EV startup Canoo continues to focus on commercial orders for its vans while also introducing a four-door pickup truck called the American Bulldog.
The company’s financial position remains precarious, with significant spending required in 2023 to increase production.
With the introduction of new models, Canoo will soon face a larger number of competitors in the passenger and commercial vehicle segment.
Canoo’s futuristic electric van was first introduced in 2019 and promised an innovative design, as well as an electric powertrain and a spacious interior – ingredients that seemed to appeal to a section of van life fans.
Since getting closer and closer to some kind of mass production, Canoo has shifted from potential retail customers to commercial orders. The most recent order of this kind was announced a few days ago. Prime Time Shuttle wants to buy up to 550 Canoo lifestyle vehicles.
The LVs will be used as shuttles in the Los Angeles area, but the company hopes to deploy them outside of LA in the longer term.
Just a few days ago, Canoo also announced that it had received EPA approval for its assembly site in Oklahoma City and delivered its first Lifestyle Delivery Vehicle (LDV) to the state as part of an order for approximately 1,000 units. The startup is currently in the process of hiring employees for its manufacturing facility in the state.
However, Canoo’s finances remain precarious.
The startup posted a loss of $112 million in the third quarter of this year, with $8.3 million in cash and equivalents remaining at the end of September. In the first nine months of 2023, Canoo posted a loss of $273.6 million on revenue of just $519,000.

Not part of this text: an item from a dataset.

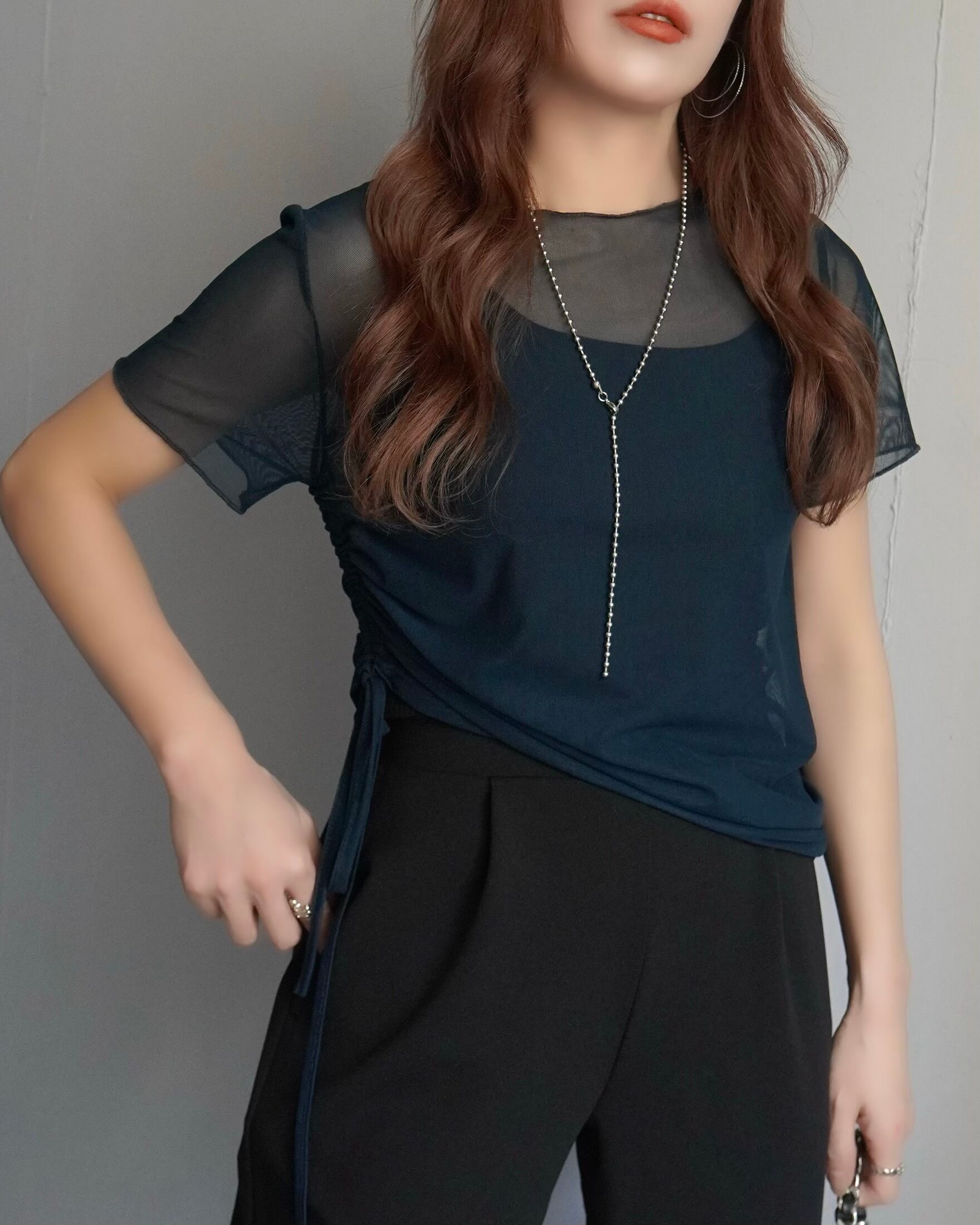 程良い透け感、1枚で着ても。サロペットやキャミワンピース等の中にも、又レイヤードコーデにも活躍致します。

“We are now in our production and revenue generation phase while we still have a lot to prove. We have worked for almost three years to get to this point,” said Tony Aquila, investor, chairman and CEO of Canoo.

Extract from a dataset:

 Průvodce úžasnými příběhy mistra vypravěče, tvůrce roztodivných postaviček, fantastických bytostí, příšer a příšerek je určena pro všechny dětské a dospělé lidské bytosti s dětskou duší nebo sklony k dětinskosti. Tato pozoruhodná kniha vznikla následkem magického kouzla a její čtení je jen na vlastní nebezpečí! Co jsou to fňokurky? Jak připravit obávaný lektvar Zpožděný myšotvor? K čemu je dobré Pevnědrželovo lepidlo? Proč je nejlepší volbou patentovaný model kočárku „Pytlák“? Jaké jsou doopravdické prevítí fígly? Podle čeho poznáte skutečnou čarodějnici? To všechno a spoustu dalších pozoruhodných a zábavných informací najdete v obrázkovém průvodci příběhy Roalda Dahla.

Just a few days ago, Canoo also unveiled a four-door pickup version of its van that vaguely resembles one VW DoKa, dubbed “American Bulldog,” wants to capitalize on the electric pickup craze that’s currently gaining momentum in the market. The truck itself is based on the Screaming Eagle prototypes that were delivered to the US military for testing in 2022.
However, the company has not provided any estimates on production schedules or pricing.
Perhaps the company’s most famous news this year was the unveiling of personnel transport vehicles for NASA’s Artemis program. The first flight is scheduled for November 2024, with the electric shuttles taking over the role of Airstream RVs that have ferried shuttle astronauts to the launch pad in the past.
While this news marked the highlight of Canoo’s year in terms of public relations, it also underscored how the startup still relies on niche orders from commercial customers that are far from complete.
In some ways, it also reflects the typical problems faced by EV startups, whose future products were presented as a concept in one economic and consumer landscape but went on sale in a significantly different landscape and faced challengers from established automakers.
And like other startups with long product development times, the company is finding that the electric vehicle market is evolving faster than it can deliver the promised results.
In 2024, Canoo will face direct competition Volkswagen as the ID. Buzz goes on sale in the USA after a long development cycle. Canoo’s commercial vehicles will also face competition Rivian And BrightDrops Delivery trucks.
Given this competition, it’s appropriate to ask how Canoo plans to differentiate itself from much larger rivals in the coming years, as commercial and residential customers alike are more interested in price points and dealer support than innovation.